§ Task item: With all pictures omitted, return verbatim the lines from the beginning of the records below through the line containing "Once the countertops".

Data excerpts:

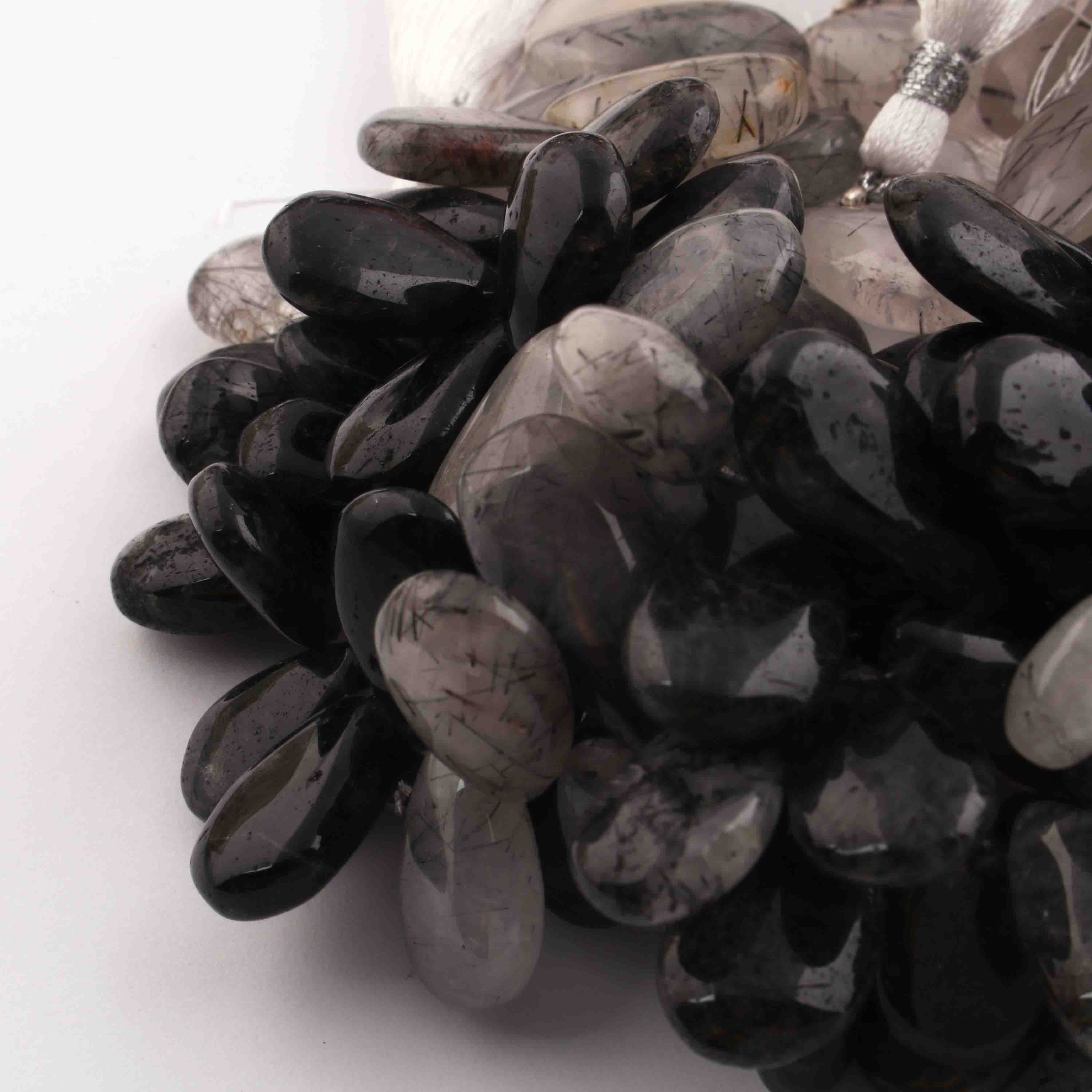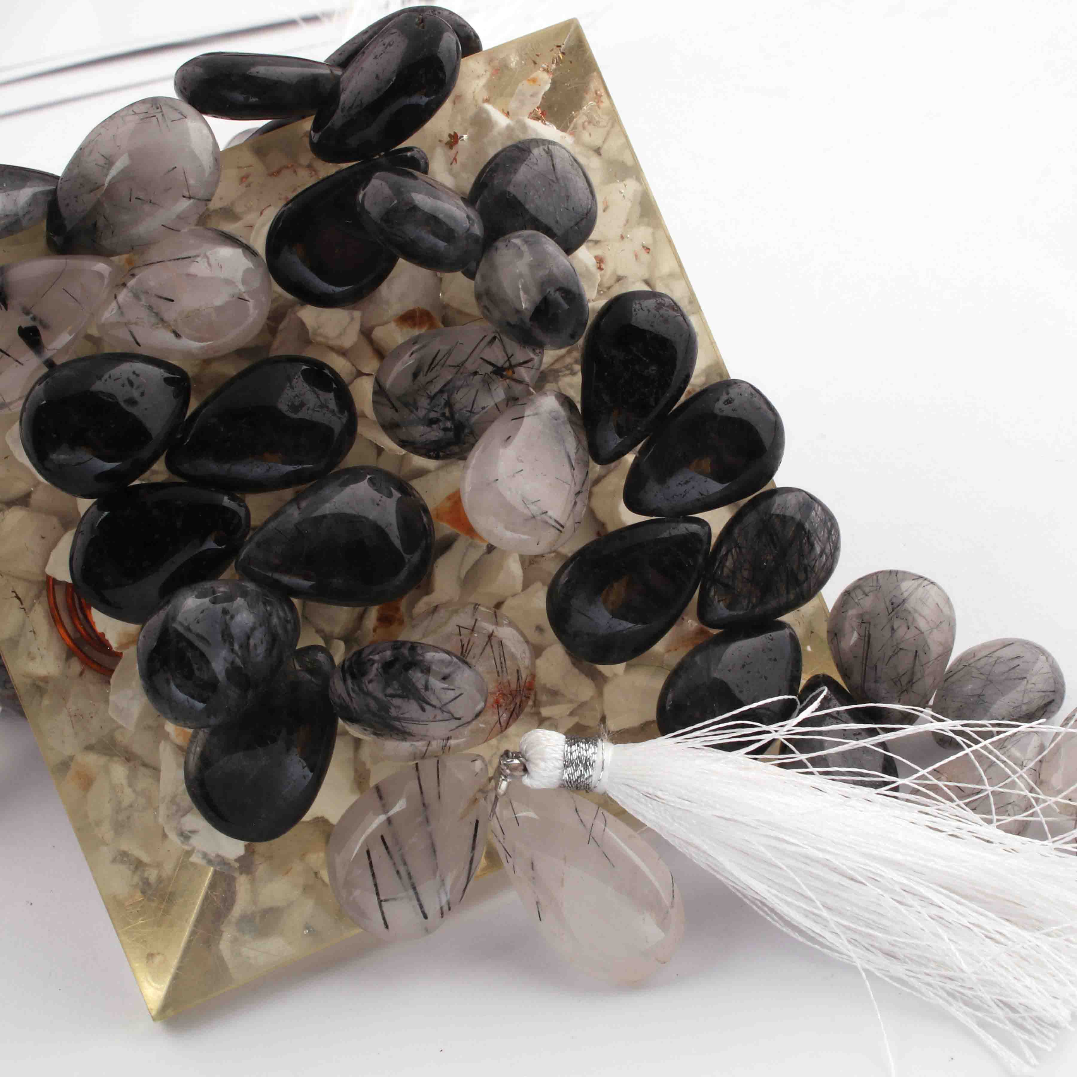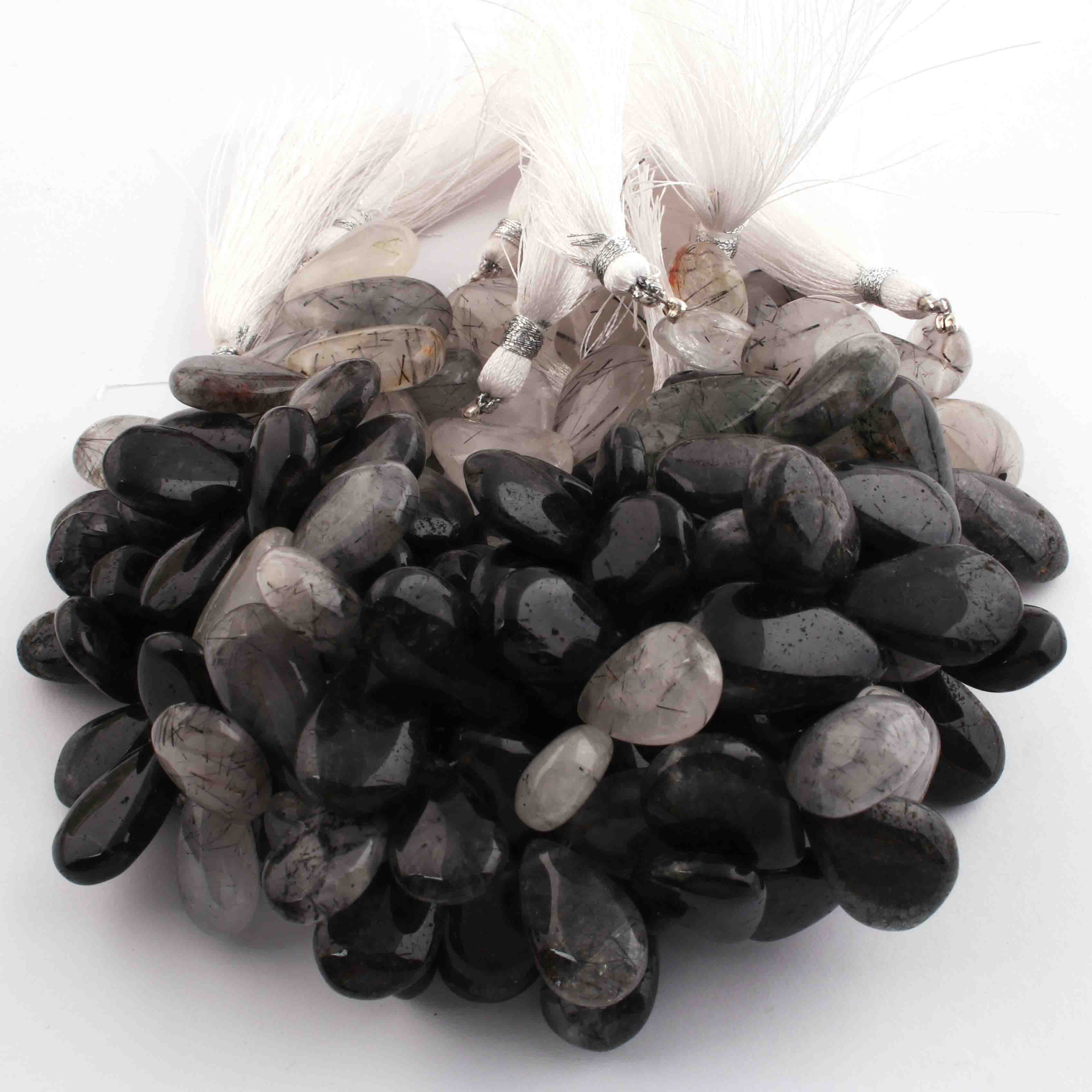 1 Long Strand Black Rutile Smooth Pear Shape Briolettes - 17mmx12mm-23mmx13mm- 8 Inches BR0932
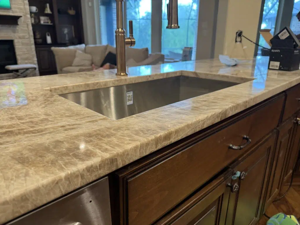 Once the countertops are in place, we’ll make any final adjustments to ensure everything is aligned and secure. For natural stone countertops, we apply a high-quality sealant to protect the surface from stains and spills.
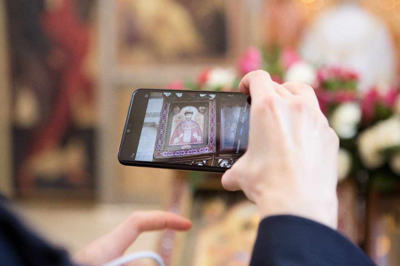 Все богомольцы получили в этот день небольшие иконки Царя Страстотерпца, святых Жен Мироносиц, а женщины по цветку тюльпана в поздравление с православным женским днем.
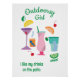 Belle affiche murale à thème "Glamper". Créé avec une image de cocktails colorés et fruités et inscrit avec le texte "Fille en plein air- J'aime mes boissons sur le patio." Le texte est modifiable. Voir d'autres articles de cette même collection sur Zazzle.
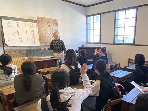 明治時代にタイムスリップし、当時の生徒になりきって授業を受けました。
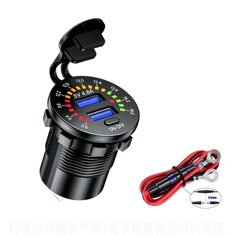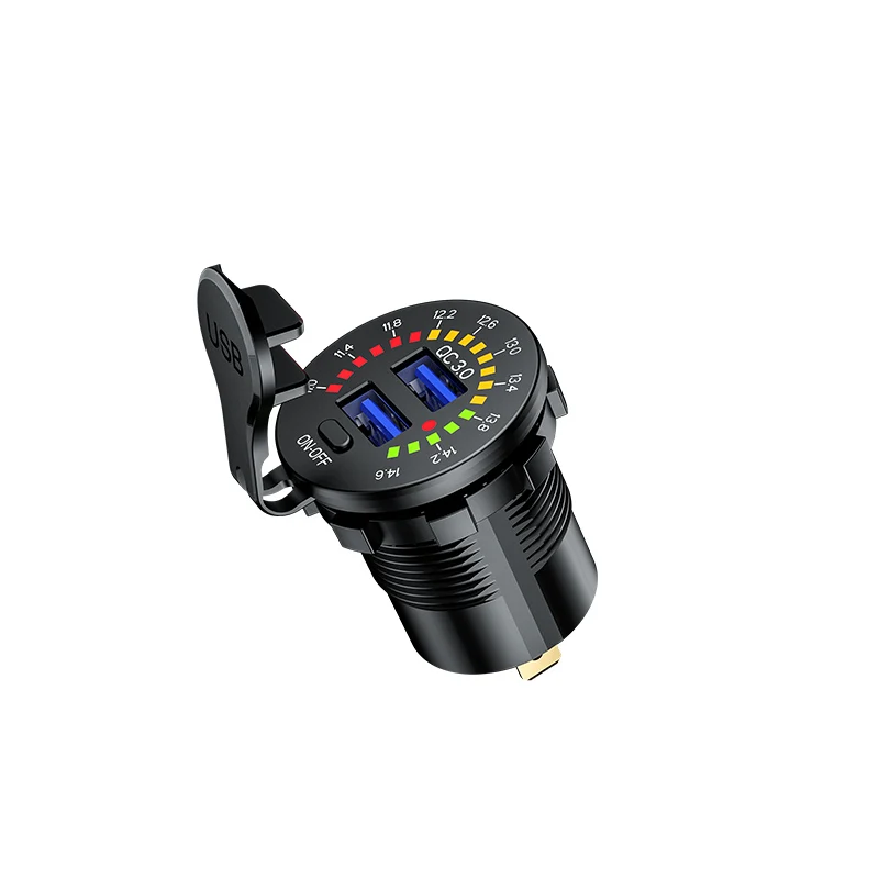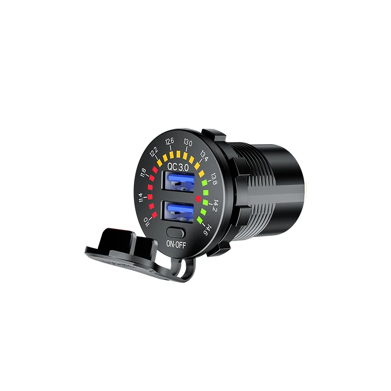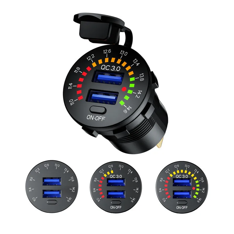 Автомобильное зарядное устройство USB QC3.0, быстрая зарядка с отображением напряжения для автомобиля, мотоцикла, вездехода, внедорожника, лодки, автомобильное зарядное устройство для телефона, планшета, компьютера
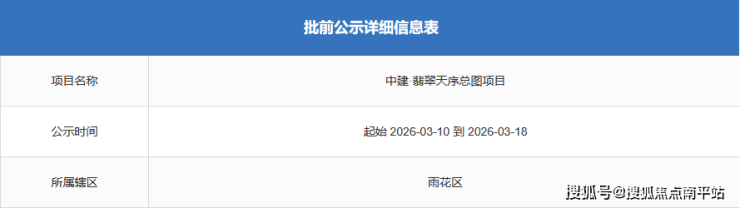 近日,长沙市自然资源和规划局发布“中建·翡翠天序总图项目”批前公示。
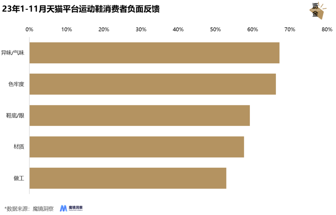 23年1-11月天貓平運(yùn)動(dòng)鞋消費(fèi)者負(fù)面反饋
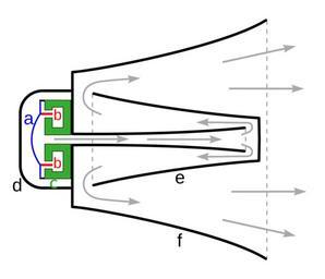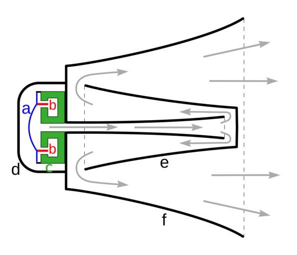 Keywords: Reflex horn loudspeaker drawing.svg horn loudspeaker works Shows a section through the axis of the speaker The reflex speaker also called a trumpet speaker megaphone bullhorn or loudhailer is widely used in public address systems The function of a horn in a speaker is to couple the diaphragm more efficiently to the air so more of the vibrational energy is radiated as sound Horn speakers can have ten times the efficiency of cone speakers so they are used in high power applications such as P A systems However horns that can reproduce the human voice adequately must be several feet long so to make the speaker more compact folded horns are often used in which the sound path is bent into a zigzag shape by reflections Developed in the 1940s a reflex speaker is a type of folded horn in which the sound path is a series of concentric ducts <br /> The sound is produced by a specialized diaphragm speaker called a compression driver d which is designed to work loaded by the high sound pressures in the horn This consists of a stiff metal diaphragm <font color blue > a </font> driven by a voice coil <font color red > b </font> mounted between the poles of a cylindrical magnet <font color green > c </font> The sound follows a zigzag path through a series of exponentially widening ducts through the central projection of the horn e and out through the concentric outer horn f 2012-07-10 own Chetvorno cc-zero Uploaded with UploadWizard Horn speakers Loudspeaker schematics |
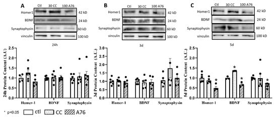 No changes in synaptophysin, Homer-1, or BDNF protein levels were observed following 24 h or 3 days of treatment of SH-SY5Y cells with CC or A76 (Figure 3A,B); however, a significant reduction in all neuronal marker levels was seen following 5 days of A76 treatment (Figure 3C), while BDNF content showed significant increases in content following 5 days of CC treatment (Figure 3C).
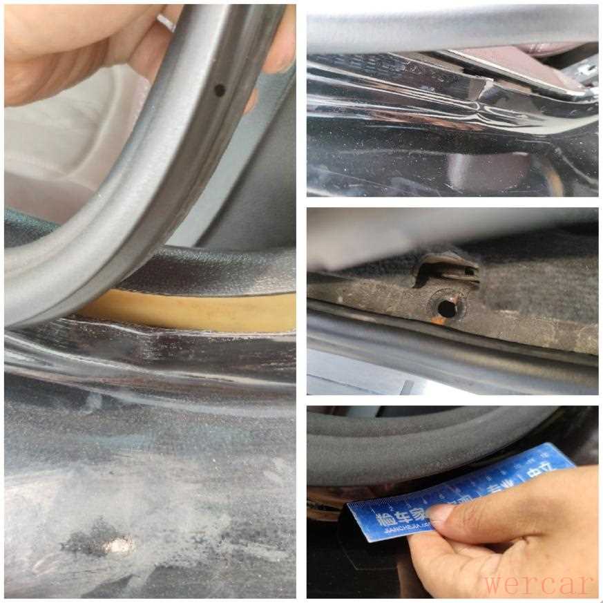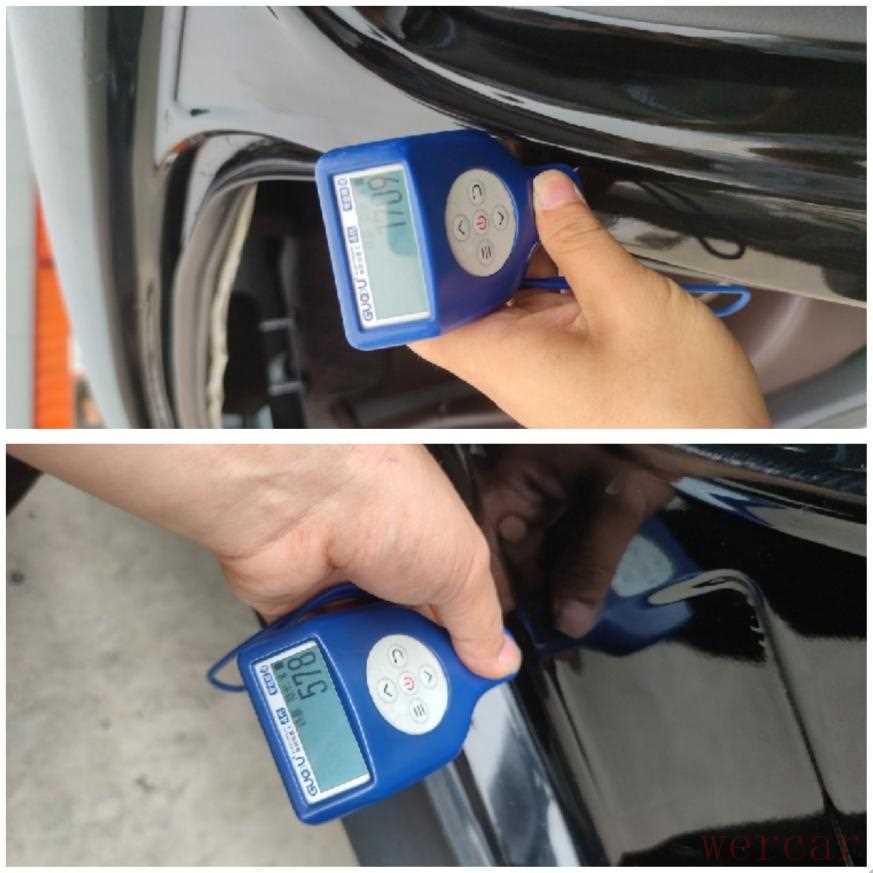 继续往后检测,从车尾到车身另一侧,情况依旧没有任何好转。漆面就不要说了,全车没一个好的地方,里里外外几乎都有过修复,甚至右前右后门槛拆开饰板还能清晰的看见当时变形的痕迹,整车从前到后,从左到右,就没有一处地方是能让人省心的。
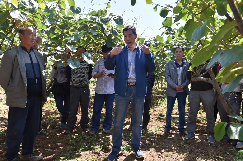 杨凌职业技术学院教授马志峰为周至县果农讲解猕猴桃管理技术

§ Answer space:
 1 Long Strand Black Rutile Smooth Pear Shape Briolettes - 17mmx12mm-23mmx13mm- 8 Inches BR0932
 Once the countertops are in place, we’ll make any final adjustments to ensure everything is aligned and secure. For natural stone countertops, we apply a high-quality sealant to protect the surface from stains and spills.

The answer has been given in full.